Te dejo en libertad

Por Sofía Ibarra

Hay canciones que escuchamos a temprana edad y nos pegan como si nosotros mismos hubiésemos evitado que Leonardo DiCaprio se subiera a la puerta para lograr salvar nuestro pellejo. Son piezas un tanto lúgubres, con letras dirigidas a un público específico que busca gritar “MI CANCIÓÓÓN GÜEEEY”, a las tres de la mañana, teniendo un par de tragos encima y con la marcación rápida del teléfono lista para llamar a la razón de sus tormentos.

Porque no importa el lugar, tampoco el momento. Si es la canción indicada, cambiará completamente tu estado de ánimo de un acorde al otro. Tus recuerdos aparecerán en cámara lenta, en blanco y negro, tal como un video dosmilero de Sin Bandera. Te sucederá en el auto, mientras vas de copiloto, en la fila del supermercado, o mientras caminas en la calle; sin haber sentido un indicio de tristeza hasta que algún local lejano decidió ponerla o un transeúnte comenzó a tararearla quizá con más dolor del que tú sientes por esta.

Pero, ¿qué pasa cuando escuchas aquella canción que provocaba un mar de lágrimas en tus ojos cuando ibas en la secundaria, pero esta vez a los 18? ¿O a los 30? Quizá, sólo quizá, al escucharla después de tanto tiempo, finalmente entiendes el verdadero dolor que despide.

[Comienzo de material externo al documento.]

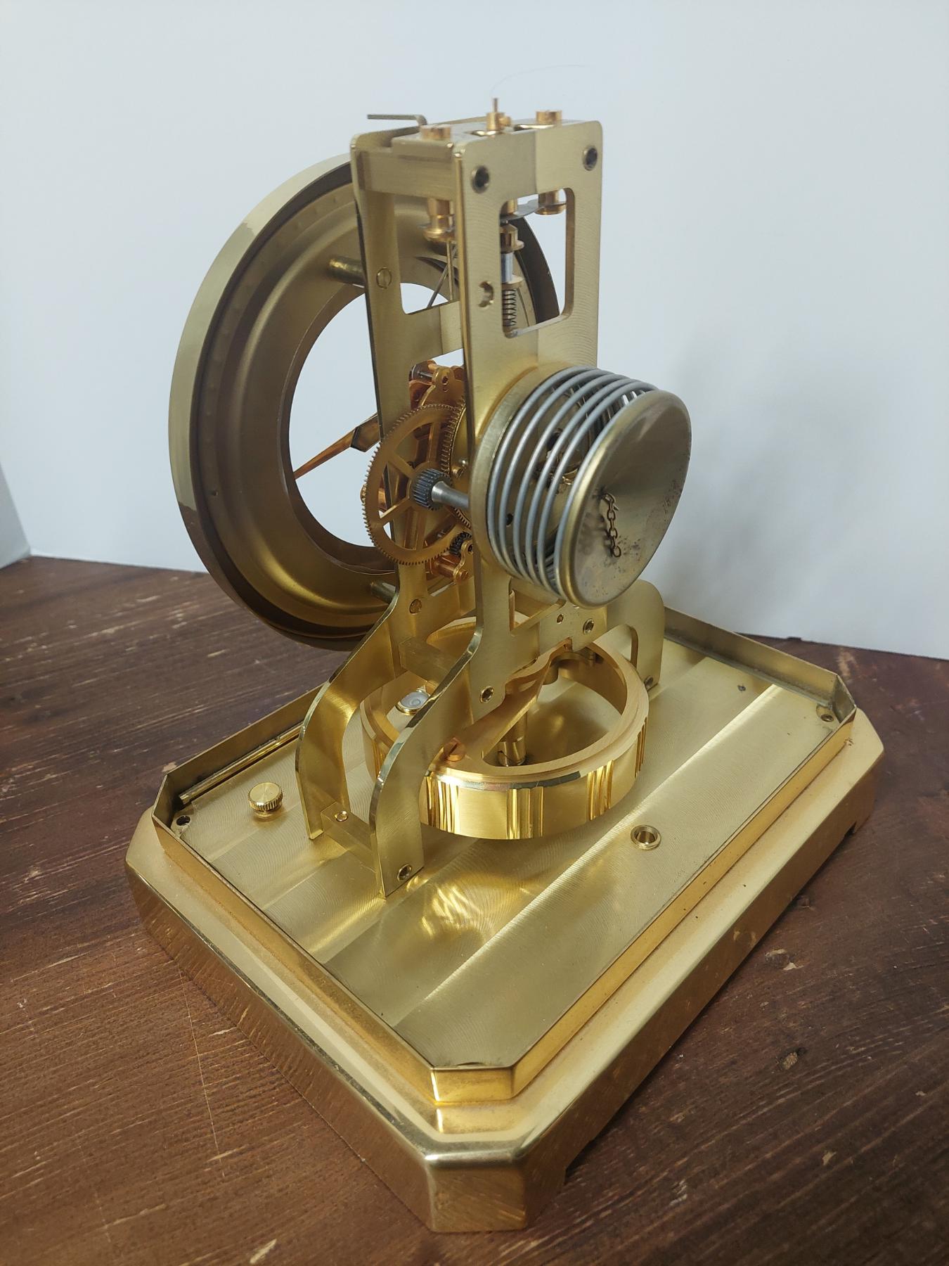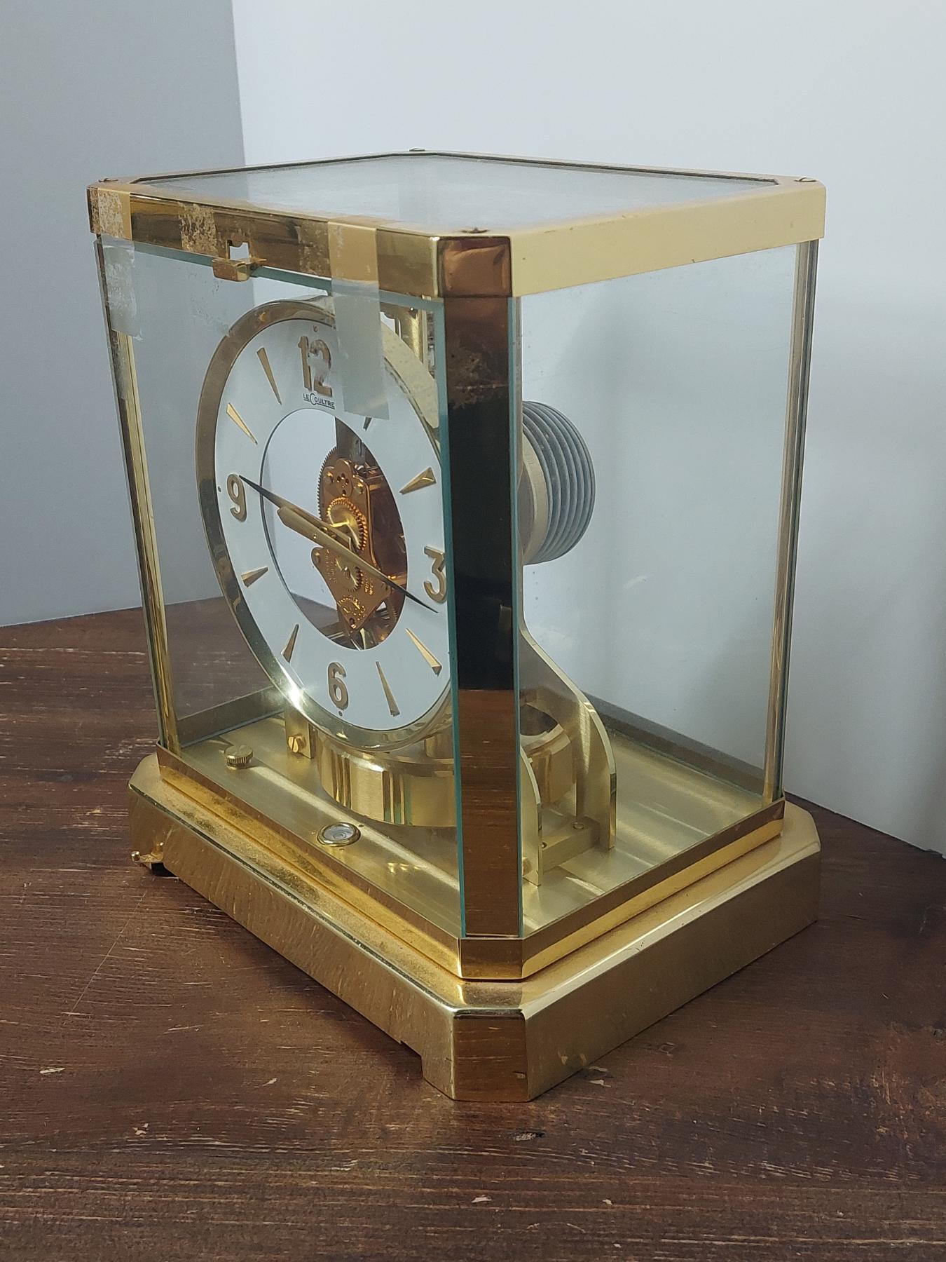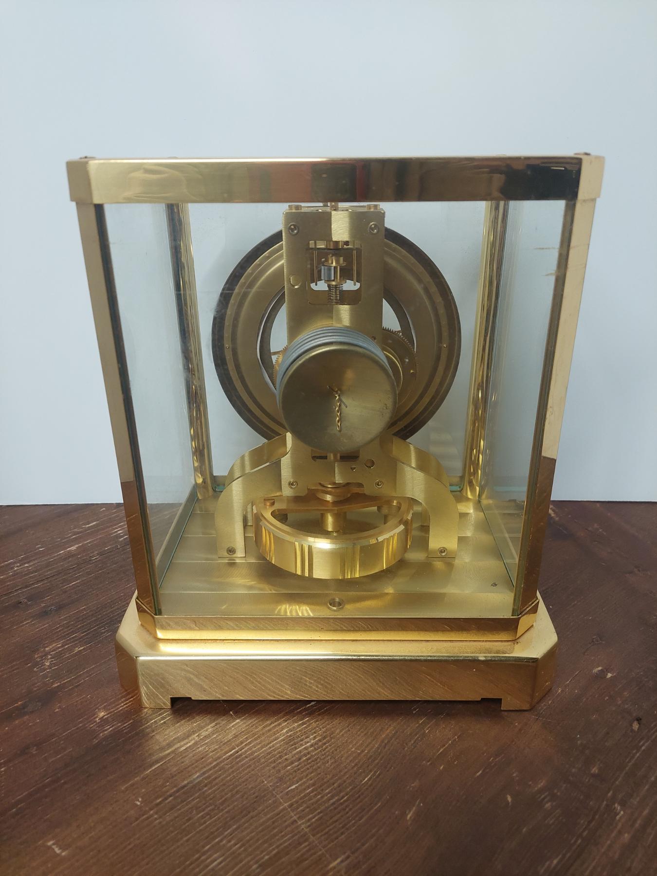 Jager LeCoutre' "ATMOS" Mantle / Shelf Clock - As Is - Very desireable colector clock when complete - hovever, this example is sold as is for repair / restoration. Front glass is not original and is not of proper height. Missing bellows cover & corner piller screws which hold upper glass compartment in place. Sold for parts or project.

Voltearás hacia tu yo joven, lo verás llorando desconsoladamente mientras abraza una fotografía de un amor que probablemente no duró más que un par de meses, pero que se metió en su corazón realmente y reirás al pensar cuánto camino le falta por recorrer todavía.

Pero la verdad, es que somos fanáticos de todo esto. Amamos adelantarnos a las experiencias y de creer que todo lo malo que nos sucede es lo peor de nuestras vidas. De repente, te das cuenta que quizá el dolor no es estar en la friendzone, es notar que los matrimonios fracasan, de que un día dejaste de contestar el mensaje de una gran amistad y decidió dejar de insistir, de que los hijos se marchan y de que no importa qué tan preparado estés, la vida siempre sorprende.

Llega un momento en el que logras escuchar cada minuto de la canción sin derramar una sola lágrima que sirva de ofrenda para aquél recuerdo, ese que tan feliz te hizo y terminó haciéndote tanto daño. Sientes una mano cerca de tus orejas, poniéndote unos audífonos que reproducen una melodía que jamás habías escuchado, o te dirigen hacia una pista de baile para que tu cuerpo y el del otro se sincronicen al compás de la música, y es ahí, abrazando aquella espalda, sintiendo el aroma de su cuello y teniendo la mente mareada por tantas piruetas, cuando piensas: “Algún día esta canción me hará llorar”, pero no es la música, es el recuerdo, son los pasos, el entorno, repites ese pensamiento una vez más y decides disfrutar el momento, alejando la inseguridad de tu mente, la ves de frente y finalmente le dices: “Te dejo en libertad”.